The initial implementation of the code, mainly to meet my needs, we can according to their own needs to modify.
Actually dbrecordreader the author does not achieve well, we look at the Dbrecordreader, Mysqldbrecordreader and Oracledbrecordreader source, The coupling degree of dbrecordreader and Mysqldbrecordreader is too high. In general, is not the implementation of the database Dbrecordreader should also do not report abnormal, nothing more than the use of a single split and a single map.

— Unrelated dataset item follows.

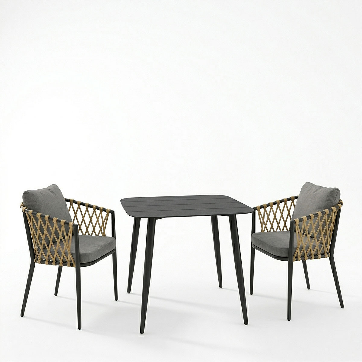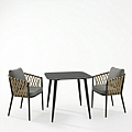 Τραπεζαρία Peluxe Vista pakoworld σετ 3τεμ ανθρακί αλουμίνιο με PE σχοινί σε φυσική απόχρωση και μαξιλάρια 80x80x72εκ

use MapReduce to import HDFs data into HBase
Package com.bank.service;
Import java.io.IOException;
Import org.apache.hadoop.conf.Configuration;
Import org.apache.hadoop.conf.Configured;
Import Org.apache.hadoop.fs.Path;
Import org.apache.hadoop.hbase.HBaseConfiguration;
Import Org.apache.hadoop.hbase.client.Put;
Import org.apache.hadoop.hbase.io.ImmutableBytesWritable;
Import Org.apache.hadoop.hbase.mapreduce.TableMapReduceUtil;
Import org.apache.hadoop.hbase.util.Bytes;
Import org.apache.hadoop.io.LongWritable;
Import Org.apache.hadoop.io.Text;
Import Org.apache.hadoop.mapreduce.Job;
Import Org.apache.hadoop.mapreduce.Mapper;
Import Org.apache.hadoop.mapreduce.lib.input.FileInputFormat;
Import Org.apache.hadoop.mapreduce.lib.input.TextInputFormat;
Import Org.apache.hadoop.util.GenericOptionsParser;
Import Org.apache.hadoop.util.Tool;
Import Org.apache.hadoop.util.ToolRunner;
/**
* Use MapReduce to bulk import hbase (MapReduce without the reduce function)
* @author Mengyao
*
*/
public class Dataimporttohbase extends configured implements Tool {
Static class Dataimporttohbasemapper extends Mapper<longwritable, Text, immutablebyteswritable, put> {
private static String familyname = "info";
private static string[] Qualifiers = {"Gzh", "Currency", "Version", "Valuta", "Qftime", "Flag", "MachineID"};
@Override
protected void Map (longwritable key, Text value, context context)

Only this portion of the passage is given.